■ Brief
Starting at the line that contains "The car Chevrolet" in the listing below, write out every line word for word until you have written the line that contains "渠縣公司志愿服務(wù)隊(duì)走進".

#### Supplied material ####

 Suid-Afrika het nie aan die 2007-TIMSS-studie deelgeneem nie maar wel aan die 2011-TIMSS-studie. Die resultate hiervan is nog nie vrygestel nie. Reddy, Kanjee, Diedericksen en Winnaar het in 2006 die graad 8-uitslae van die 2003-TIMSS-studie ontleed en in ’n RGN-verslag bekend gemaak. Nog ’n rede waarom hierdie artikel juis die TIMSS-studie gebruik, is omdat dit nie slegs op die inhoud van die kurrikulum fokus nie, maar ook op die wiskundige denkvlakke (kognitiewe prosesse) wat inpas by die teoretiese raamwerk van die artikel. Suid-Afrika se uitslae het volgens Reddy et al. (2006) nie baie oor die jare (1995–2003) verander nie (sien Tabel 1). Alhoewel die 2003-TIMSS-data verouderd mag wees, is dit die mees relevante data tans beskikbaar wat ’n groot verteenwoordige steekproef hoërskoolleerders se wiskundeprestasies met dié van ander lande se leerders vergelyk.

####
#### Supplied material ####

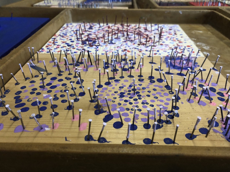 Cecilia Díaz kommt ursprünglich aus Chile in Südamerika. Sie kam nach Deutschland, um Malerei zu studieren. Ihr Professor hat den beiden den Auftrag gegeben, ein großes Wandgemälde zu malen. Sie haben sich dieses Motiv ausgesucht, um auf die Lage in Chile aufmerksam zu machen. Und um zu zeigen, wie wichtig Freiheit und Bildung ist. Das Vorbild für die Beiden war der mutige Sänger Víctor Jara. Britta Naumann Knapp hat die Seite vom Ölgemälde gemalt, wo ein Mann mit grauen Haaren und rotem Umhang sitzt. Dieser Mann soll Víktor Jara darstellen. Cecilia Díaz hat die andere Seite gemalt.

####
#### Supplied material ####

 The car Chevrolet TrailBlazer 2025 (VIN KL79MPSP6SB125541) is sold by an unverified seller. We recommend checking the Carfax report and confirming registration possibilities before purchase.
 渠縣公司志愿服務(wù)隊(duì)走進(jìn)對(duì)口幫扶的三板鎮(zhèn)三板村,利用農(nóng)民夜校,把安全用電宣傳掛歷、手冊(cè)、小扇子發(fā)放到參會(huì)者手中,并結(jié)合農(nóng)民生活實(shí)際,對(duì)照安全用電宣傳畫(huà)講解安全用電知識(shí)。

####

■ Solved problem
 The car Chevrolet TrailBlazer 2025 (VIN KL79MPSP6SB125541) is sold by an unverified seller. We recommend checking the Carfax report and confirming registration possibilities before purchase.
 渠縣公司志愿服務(wù)隊(duì)走進(jìn)對(duì)口幫扶的三板鎮(zhèn)三板村,利用農(nóng)民夜校,把安全用電宣傳掛歷、手冊(cè)、小扇子發(fā)放到參會(huì)者手中,并結(jié)合農(nóng)民生活實(shí)際,對(duì)照安全用電宣傳畫(huà)講解安全用電知識(shí)。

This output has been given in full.